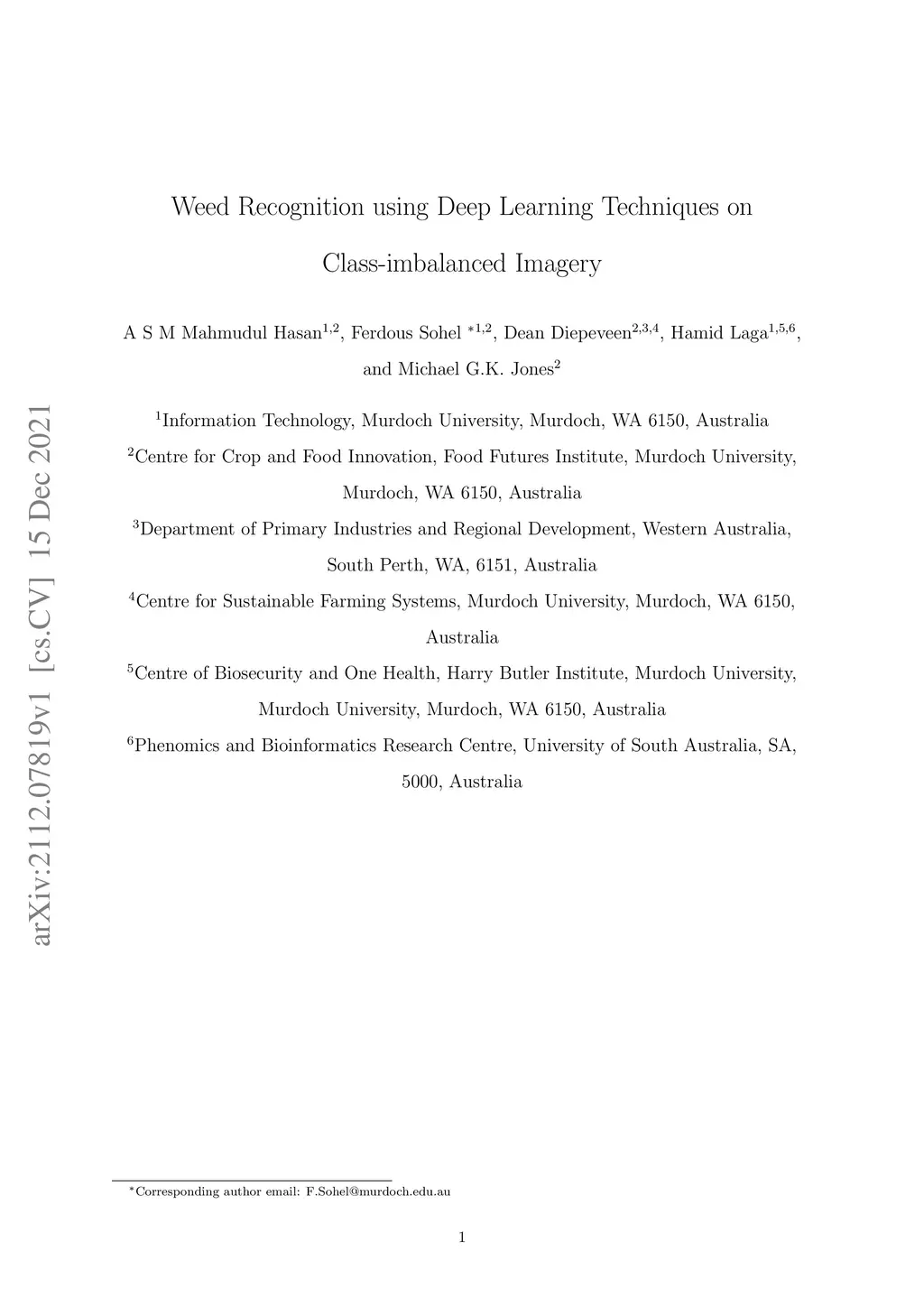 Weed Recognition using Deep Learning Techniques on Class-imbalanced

* * *

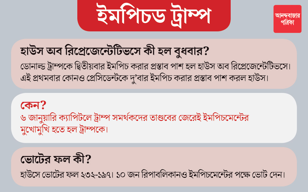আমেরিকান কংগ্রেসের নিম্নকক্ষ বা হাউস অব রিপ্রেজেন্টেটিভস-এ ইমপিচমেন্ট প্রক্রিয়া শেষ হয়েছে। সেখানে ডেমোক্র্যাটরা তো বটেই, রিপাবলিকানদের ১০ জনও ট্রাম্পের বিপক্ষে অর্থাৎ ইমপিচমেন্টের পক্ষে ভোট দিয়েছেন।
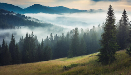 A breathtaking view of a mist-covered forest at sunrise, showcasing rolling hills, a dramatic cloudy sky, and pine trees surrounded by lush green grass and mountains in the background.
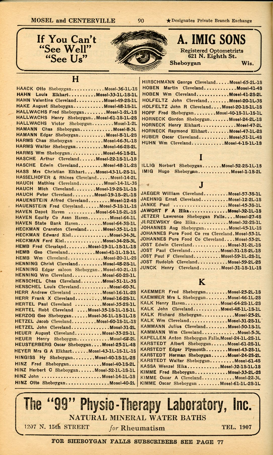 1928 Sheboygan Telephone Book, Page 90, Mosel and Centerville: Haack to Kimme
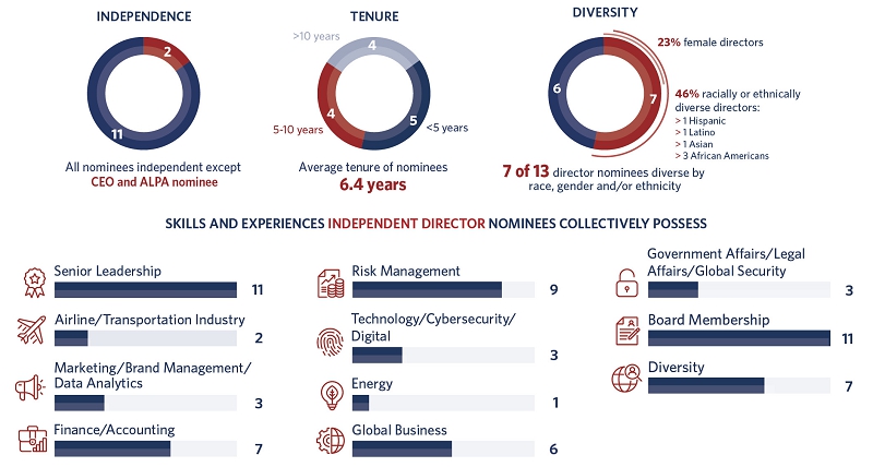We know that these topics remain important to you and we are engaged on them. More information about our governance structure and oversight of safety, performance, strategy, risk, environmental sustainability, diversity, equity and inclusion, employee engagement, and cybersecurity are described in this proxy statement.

→ **WHAT THE TASK REQUIRES**
Set down exactly the lines above, from the line containing "আমেরিকান কংগ্রেসের নিম্নকক্ষ" through the line containing "1928 Sheboygan Telephone". Skip the pictures.

→ **SOLVED PROBLEM**
আমেরিকান কংগ্রেসের নিম্নকক্ষ বা হাউস অব রিপ্রেজেন্টেটিভস-এ ইমপিচমেন্ট প্রক্রিয়া শেষ হয়েছে। সেখানে ডেমোক্র্যাটরা তো বটেই, রিপাবলিকানদের ১০ জনও ট্রাম্পের বিপক্ষে অর্থাৎ ইমপিচমেন্টের পক্ষে ভোট দিয়েছেন।
 A breathtaking view of a mist-covered forest at sunrise, showcasing rolling hills, a dramatic cloudy sky, and pine trees surrounded by lush green grass and mountains in the background.
 1928 Sheboygan Telephone Book, Page 90, Mosel and Centerville: Haack to Kimme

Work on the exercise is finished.